- [What to work on] Transcribe the records below from the first line to the line that includes "مقایسه باتری آیفون 15 و 15 پرو در مرکز باتری", inclusive, and omit the pictures.
----
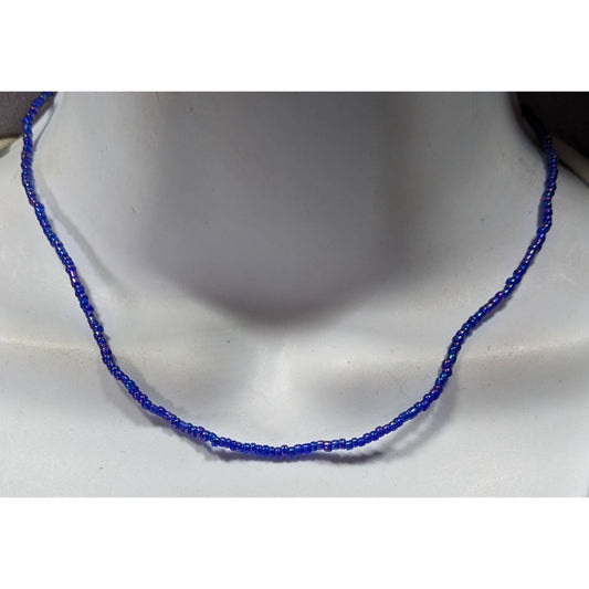Handcrafted Iridescent Blue Seed Bead Necklace
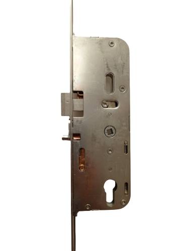 Crémone spéciale rénovation Trimatic. Pêne 1/2 tour et pêne dormant réversible. Ouverture par action de la poignée. Condamnation automatique avec les galets puis avec la clé du cylindre. Relevage de la béquille pour aider au verrouillage. En acier traité FerGUard argent.
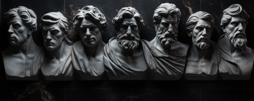 5 marble busts of beautiful young men and women, standing by a black stone wall, on pedestals, elegant, luxurious, symetrical, --ar 5:2
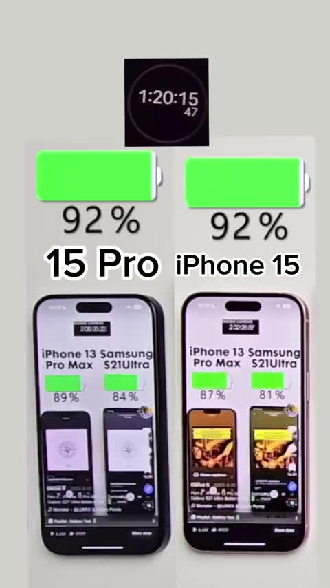 مقایسه باتری آیفون 15 و 15 پرو در مرکز باتری
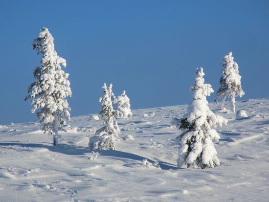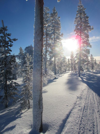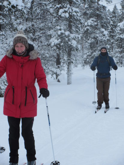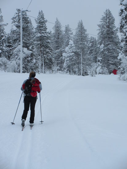 ... denn am nächsten Morgen hatten wir etwas geplant, das ein weiteres Novum für uns alle darstellte: Langlaufen. Zwar bevorzuge ich das freie Laufen (ob im Winter mit Schneeschuhen oder im Sommer ohne), da so einfach mehr das Gefühl von Freiheit aufkommen - gerade hier in den großen Weiten des nördlichen Lapplands - allerdings konnten wir nicht anders, als zumindest ein Mal jenen Sport auszuprobieren, wegen dem die meisten Finnen zu dieser Jahreszeit in den Norden reisen. Hier war die demographische Aufteilung unter den Touristen besonders stark zu sehen, denn außer uns waren kaum Ausländer zu sehen. Die langlaufenden Finnen jedoch waren stark durchmischt: vom 50-Kilo-Marathon-Asketen bis zur beleibten isoäiti (Großmutter) war alles zu finden. Wir befanden uns wie immer irgendwo dazwischen, körperlich nicht ganz ungeschickt, doch reichlich unerfahren auf den langen Latten.
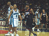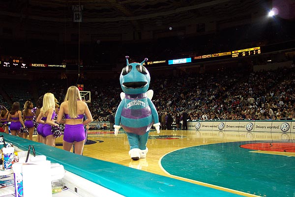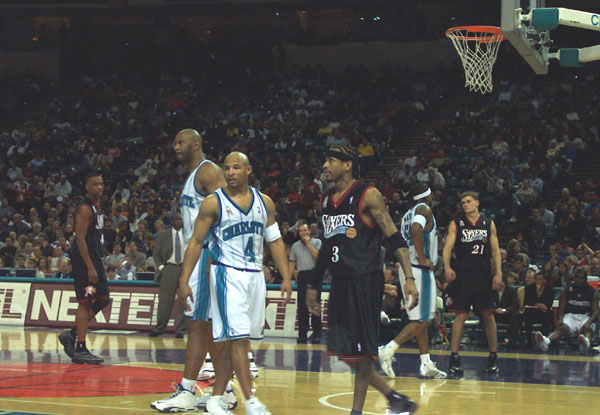 It has been awhile since I've been to a NBA game, so this was a nice treat. With a few courtside tickets, compliments of Coca-Cola, me and my friend, Joe, went off to the Hive on January 17th, 2002 to see the Charlotte Hornets play the Philadelphia 76'ers. Though the Hornets lost to the 76'ers, 93-88, they were still great seats and had a good time.
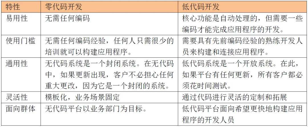 低代码平台分为低代码和零代码两种,低代码面向开发人员,需要少量代码,应用场景更广;零代码面向业务人员,完全无需代码,更加轻便快捷,但功能相对有限。
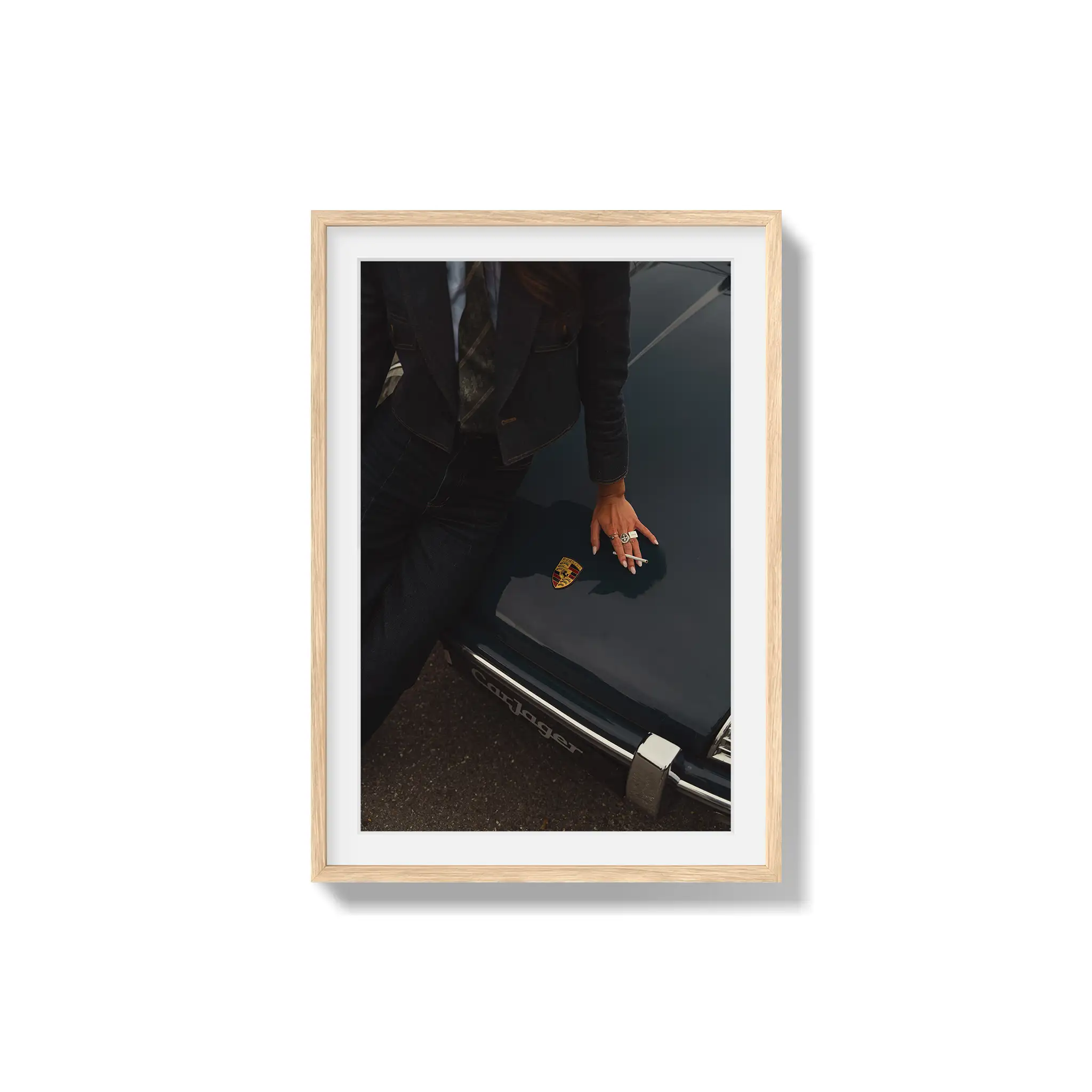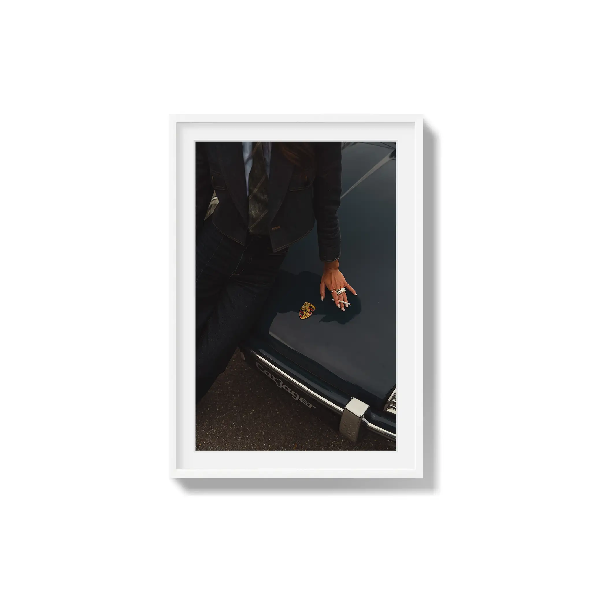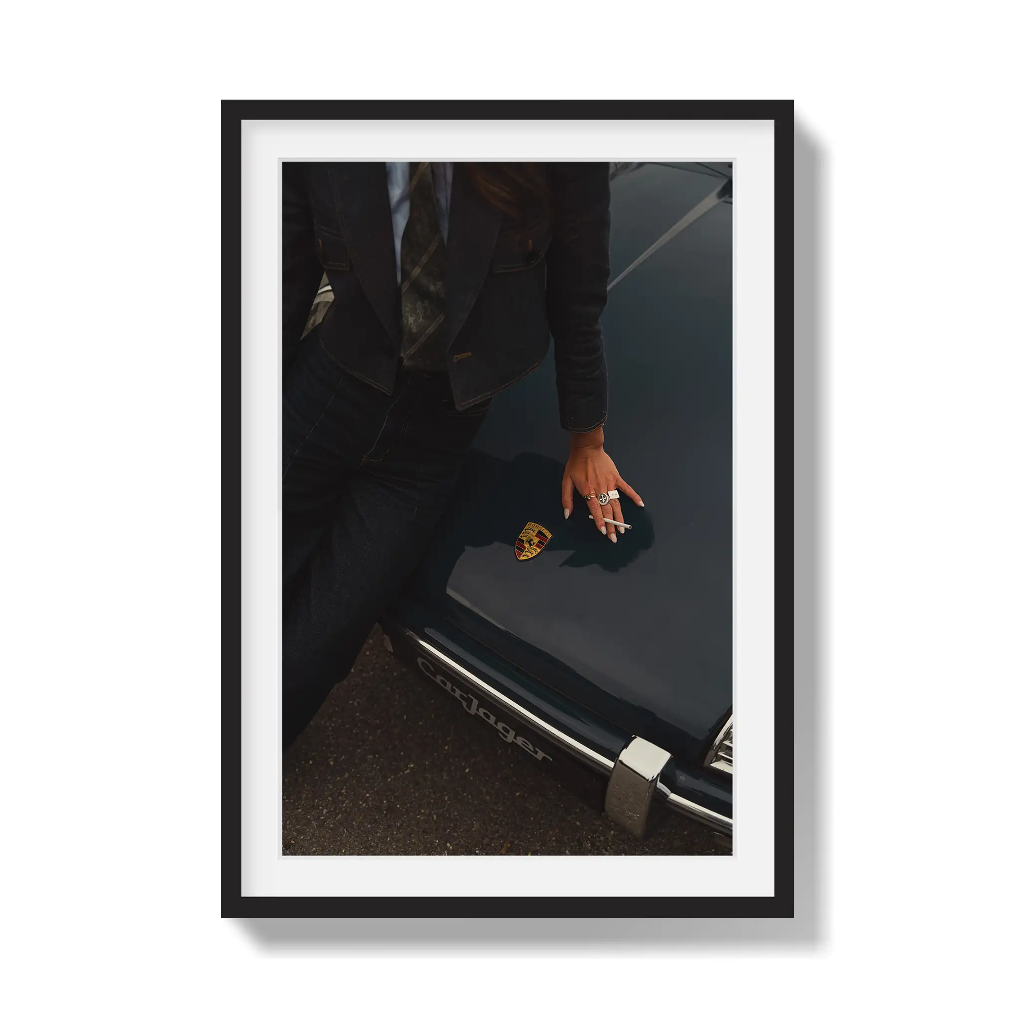 Still, nichts lautes. Der Motor läuft. Die Art von Eleganz, die man nicht anzieht, sondern besitzt. - "French Breakfast" Automobil Kunstdruck des klassischen 911ers von Armand Maertens, gedruckt auf Premium-Papier, ready-to-hang.
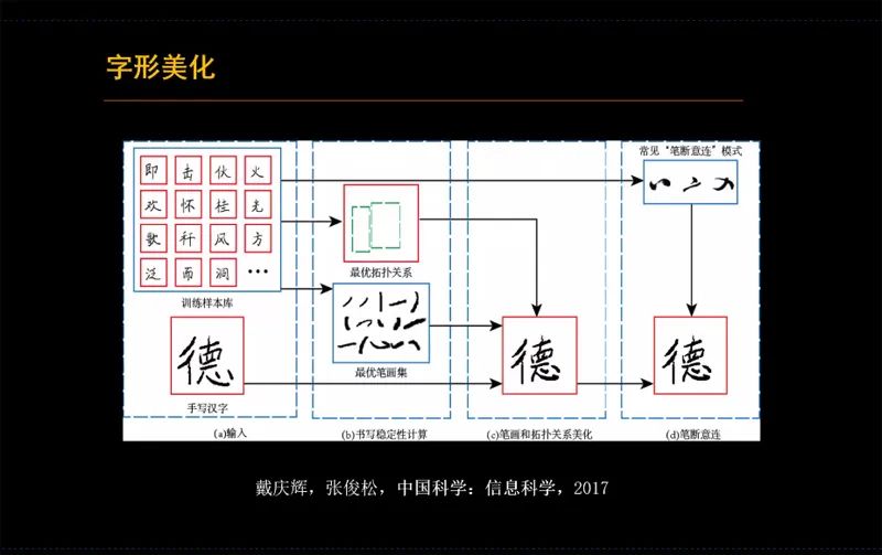 北京大学王选计算机研究所副教授、字体中心副主任、CSIG文档图像分析与识别专委会和三维视觉专委会常务委员连宙辉,以《面向文字的图形图像生成技术新进展》为主题,向大家介绍了在面向文字的图形图像生成方面取得的一些新进展,包括:属性可控的定制字体生成[TOG’20];基于双模态学习的紧凑高质矢量字体自动生成[TOG’21];基于元学习的任意风格汉字书写轨迹合成[EG’21];内容感知的文字标志(Text Logo)图像生成[CVPR’22]等。
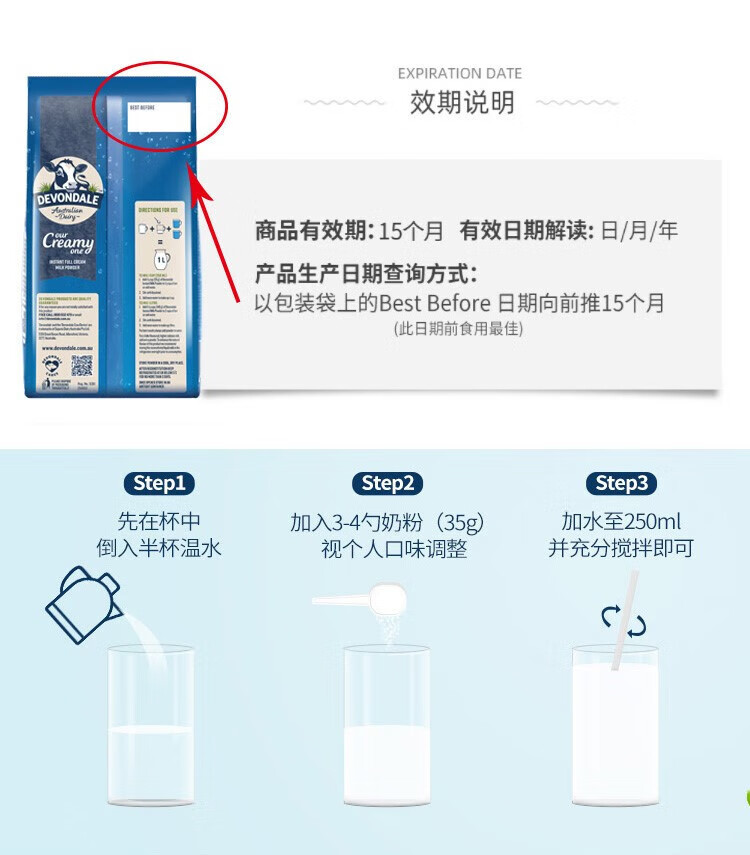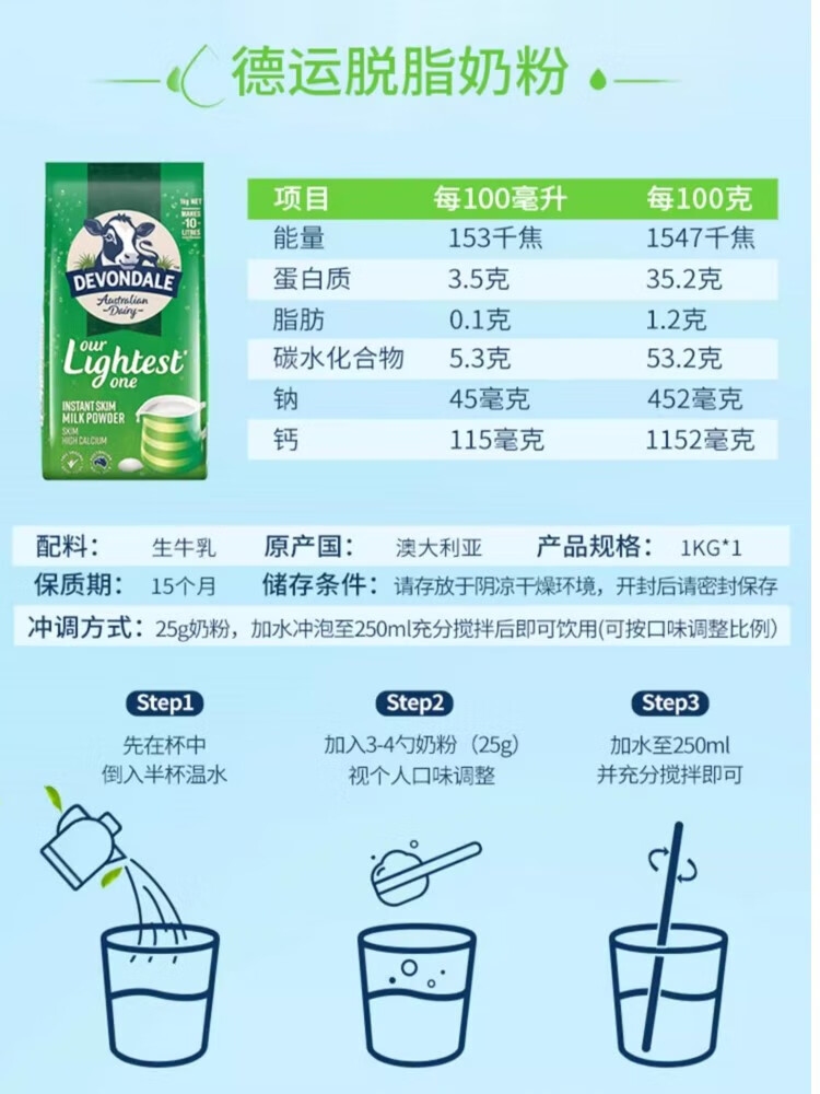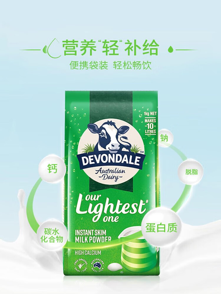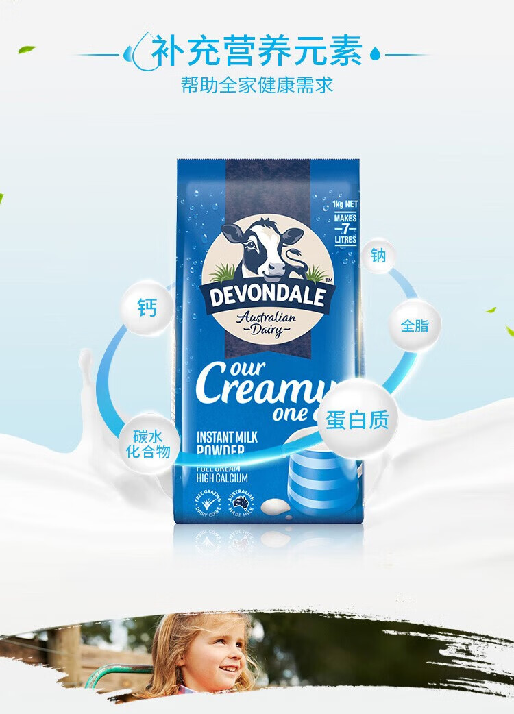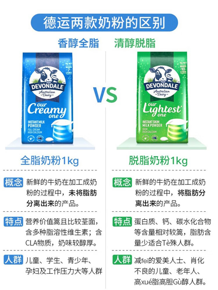 DEVONDALE milk powder for middle-aged and elderly people, high calcium milk powder for students and ladies, nutrition, Australian imported milk 1kg, full fat 1000g*2 bags
----
- [Solution for this task]
Handcrafted Iridescent Blue Seed Bead Necklace
 Crémone spéciale rénovation Trimatic. Pêne 1/2 tour et pêne dormant réversible. Ouverture par action de la poignée. Condamnation automatique avec les galets puis avec la clé du cylindre. Relevage de la béquille pour aider au verrouillage. En acier traité FerGUard argent.
 5 marble busts of beautiful young men and women, standing by a black stone wall, on pedestals, elegant, luxurious, symetrical, --ar 5:2
 مقایسه باتری آیفون 15 و 15 پرو در مرکز باتری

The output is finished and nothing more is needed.